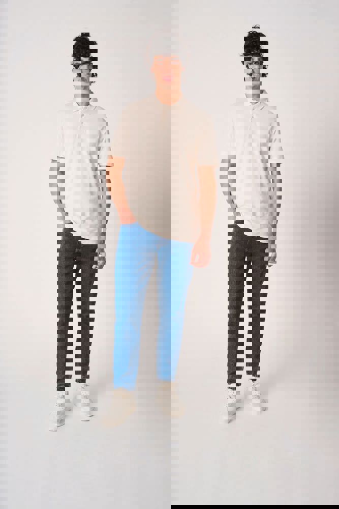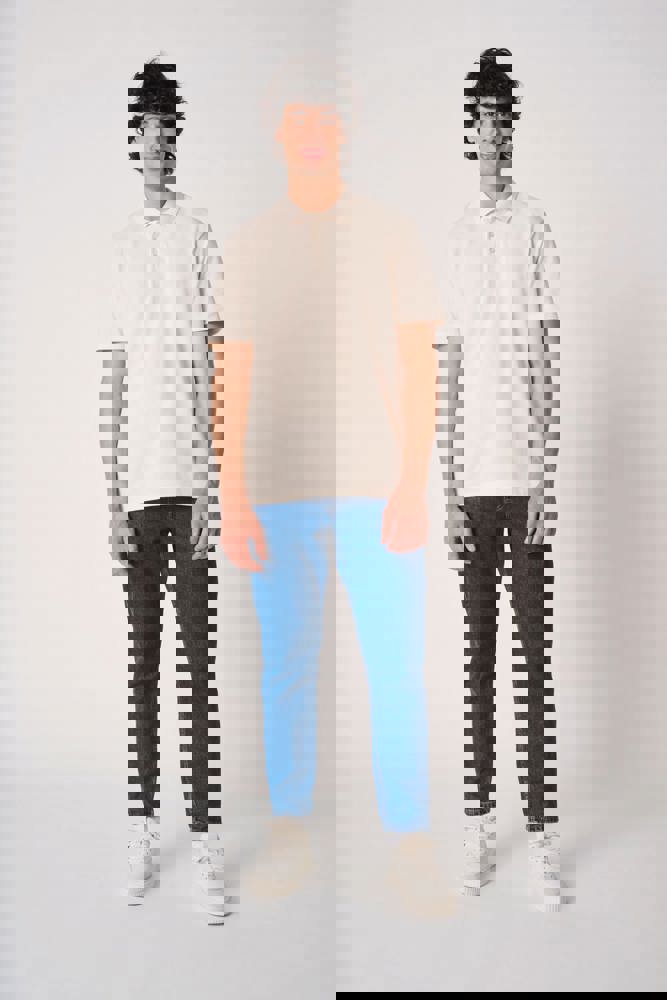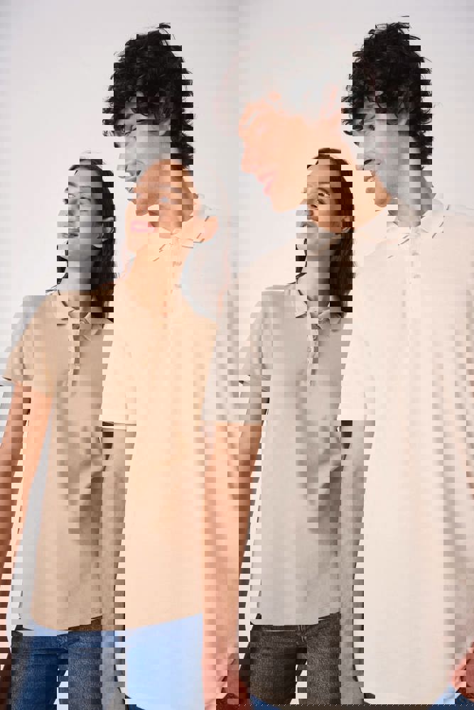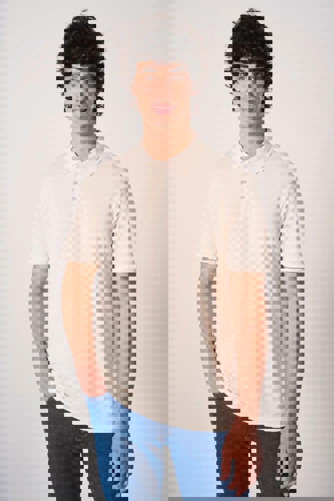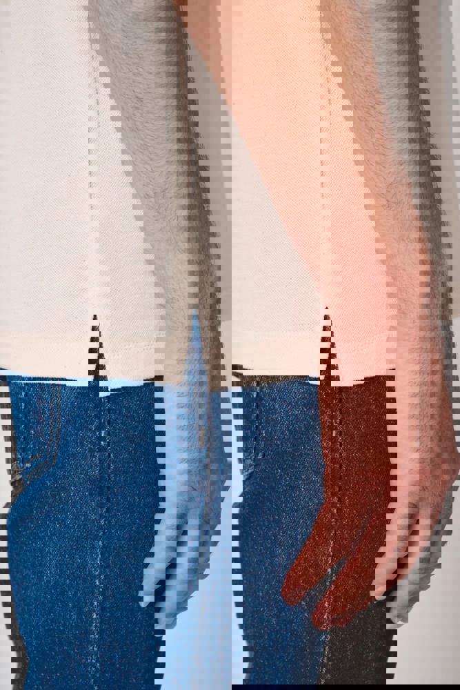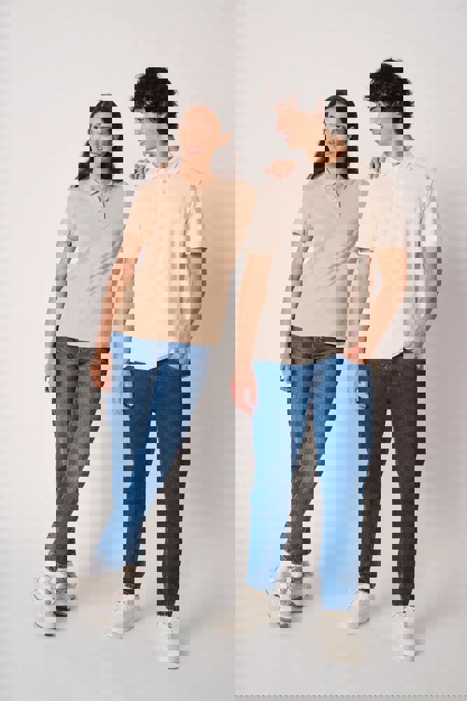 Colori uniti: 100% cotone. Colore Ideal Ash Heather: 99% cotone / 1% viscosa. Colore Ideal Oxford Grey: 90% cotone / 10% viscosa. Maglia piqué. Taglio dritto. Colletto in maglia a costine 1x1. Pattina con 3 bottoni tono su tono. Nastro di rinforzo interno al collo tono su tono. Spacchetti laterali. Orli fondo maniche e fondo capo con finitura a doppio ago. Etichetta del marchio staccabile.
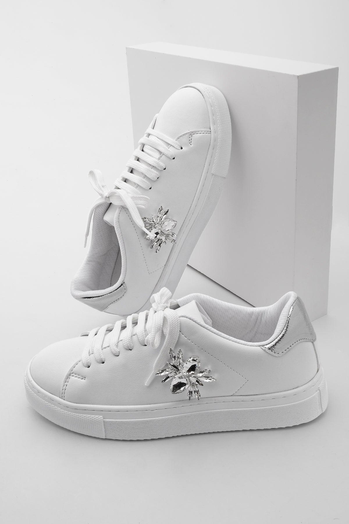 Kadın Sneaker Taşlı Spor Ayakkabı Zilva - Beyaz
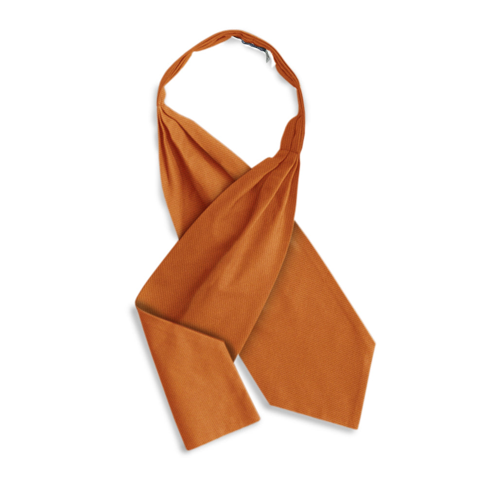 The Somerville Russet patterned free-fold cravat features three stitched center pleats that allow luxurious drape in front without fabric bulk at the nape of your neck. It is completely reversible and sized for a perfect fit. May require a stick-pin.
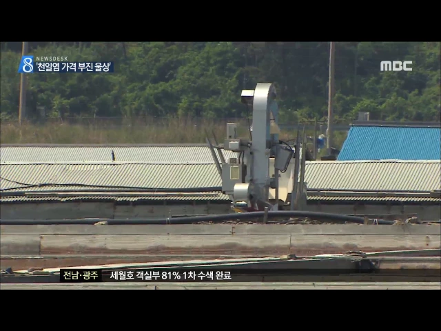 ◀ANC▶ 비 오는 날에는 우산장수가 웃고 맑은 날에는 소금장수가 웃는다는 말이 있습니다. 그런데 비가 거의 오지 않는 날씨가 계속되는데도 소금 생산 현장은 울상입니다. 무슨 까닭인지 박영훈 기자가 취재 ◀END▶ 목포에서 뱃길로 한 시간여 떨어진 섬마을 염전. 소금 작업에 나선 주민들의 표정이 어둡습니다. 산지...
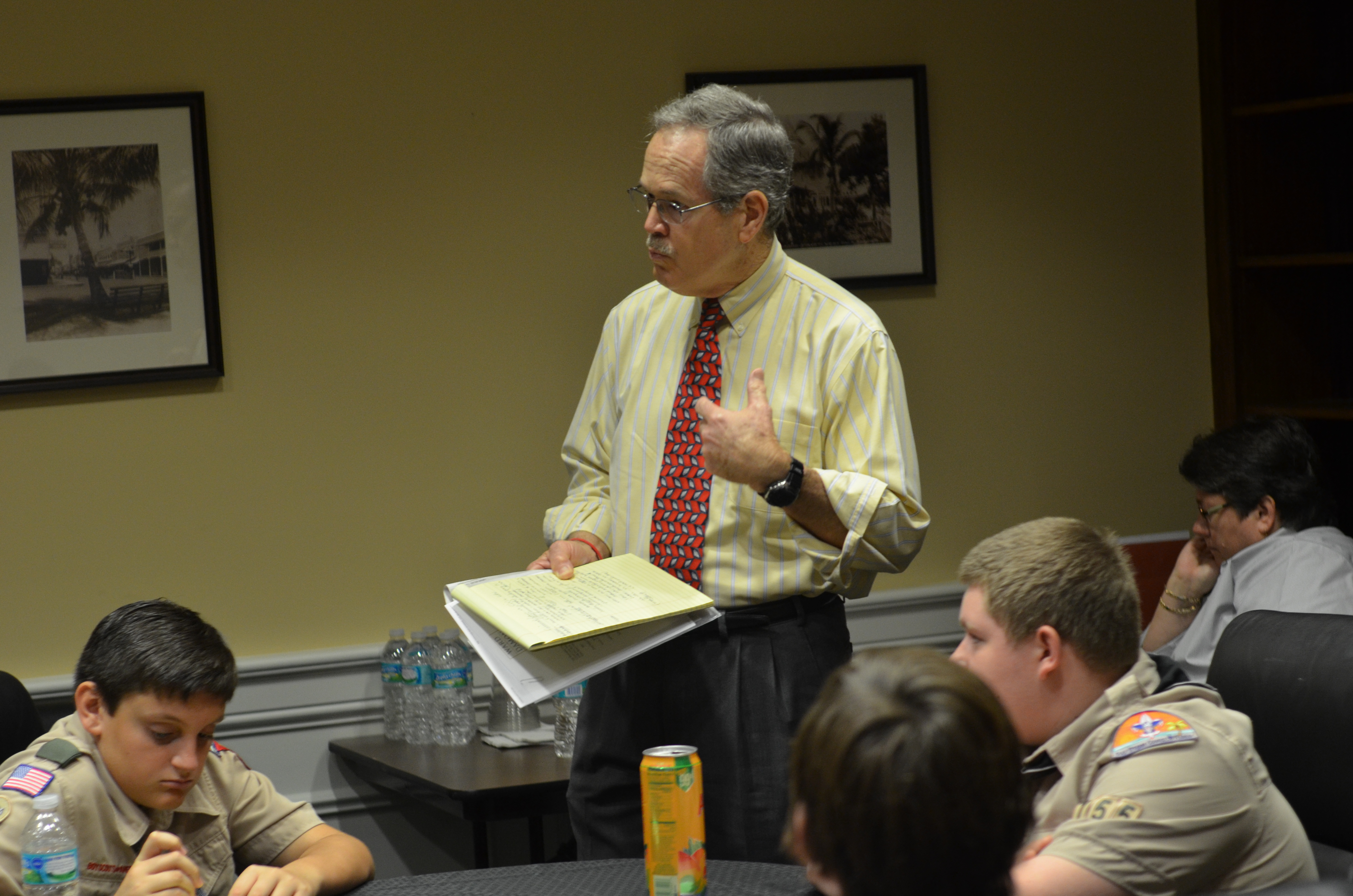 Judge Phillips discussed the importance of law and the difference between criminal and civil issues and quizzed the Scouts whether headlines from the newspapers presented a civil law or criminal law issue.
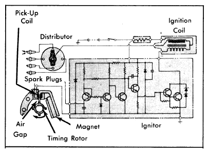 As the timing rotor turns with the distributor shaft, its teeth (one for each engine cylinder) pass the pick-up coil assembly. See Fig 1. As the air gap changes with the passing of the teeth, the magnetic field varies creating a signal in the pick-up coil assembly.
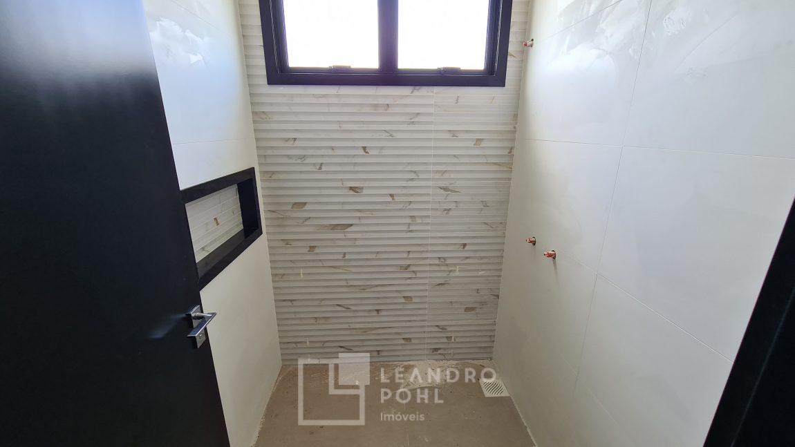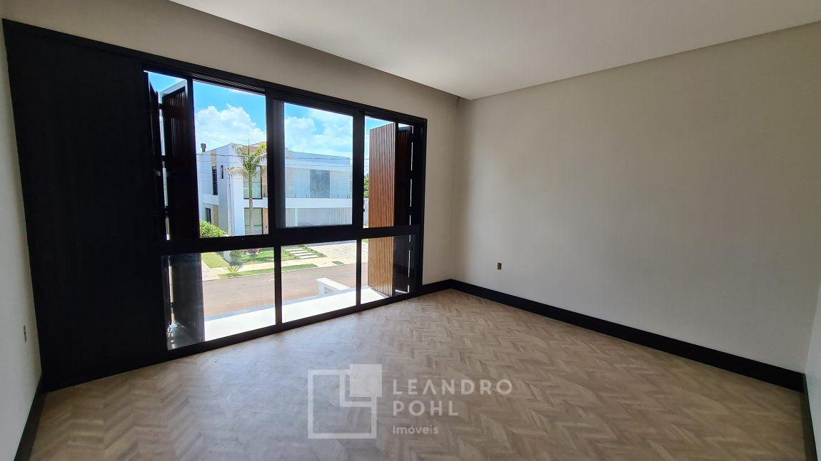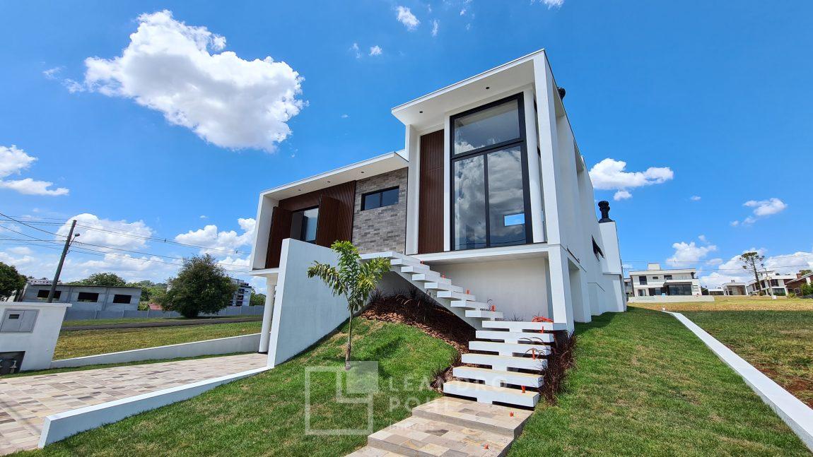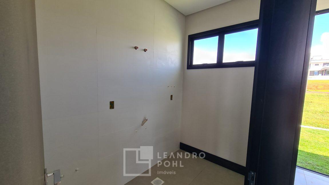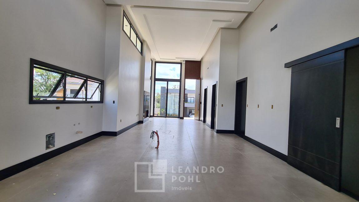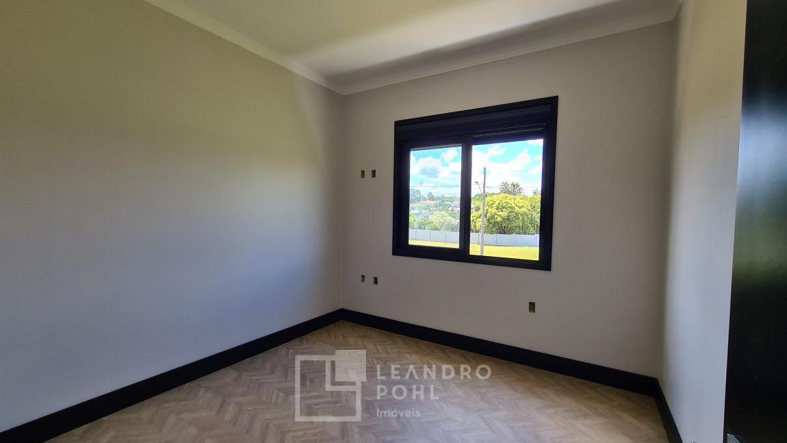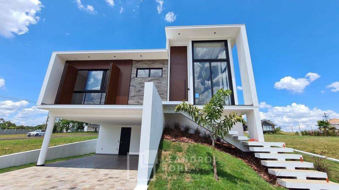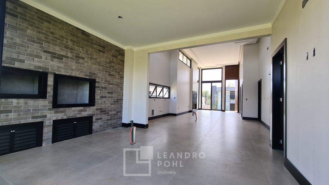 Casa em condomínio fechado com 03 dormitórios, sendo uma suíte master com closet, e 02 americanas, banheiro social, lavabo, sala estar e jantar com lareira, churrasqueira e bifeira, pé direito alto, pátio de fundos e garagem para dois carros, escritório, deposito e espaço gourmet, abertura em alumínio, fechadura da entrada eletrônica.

____

Action item: Going by the entries above, repeat exactly the lines that start at the line with "The Somerville Russet" and go on through the line with "표정이 어둡습니다. 산지...". Pictures are not part of the copy.

Response box:
 The Somerville Russet patterned free-fold cravat features three stitched center pleats that allow luxurious drape in front without fabric bulk at the nape of your neck. It is completely reversible and sized for a perfect fit. May require a stick-pin.
 ◀ANC▶ 비 오는 날에는 우산장수가 웃고 맑은 날에는 소금장수가 웃는다는 말이 있습니다. 그런데 비가 거의 오지 않는 날씨가 계속되는데도 소금 생산 현장은 울상입니다. 무슨 까닭인지 박영훈 기자가 취재 ◀END▶ 목포에서 뱃길로 한 시간여 떨어진 섬마을 염전. 소금 작업에 나선 주민들의 표정이 어둡습니다. 산지...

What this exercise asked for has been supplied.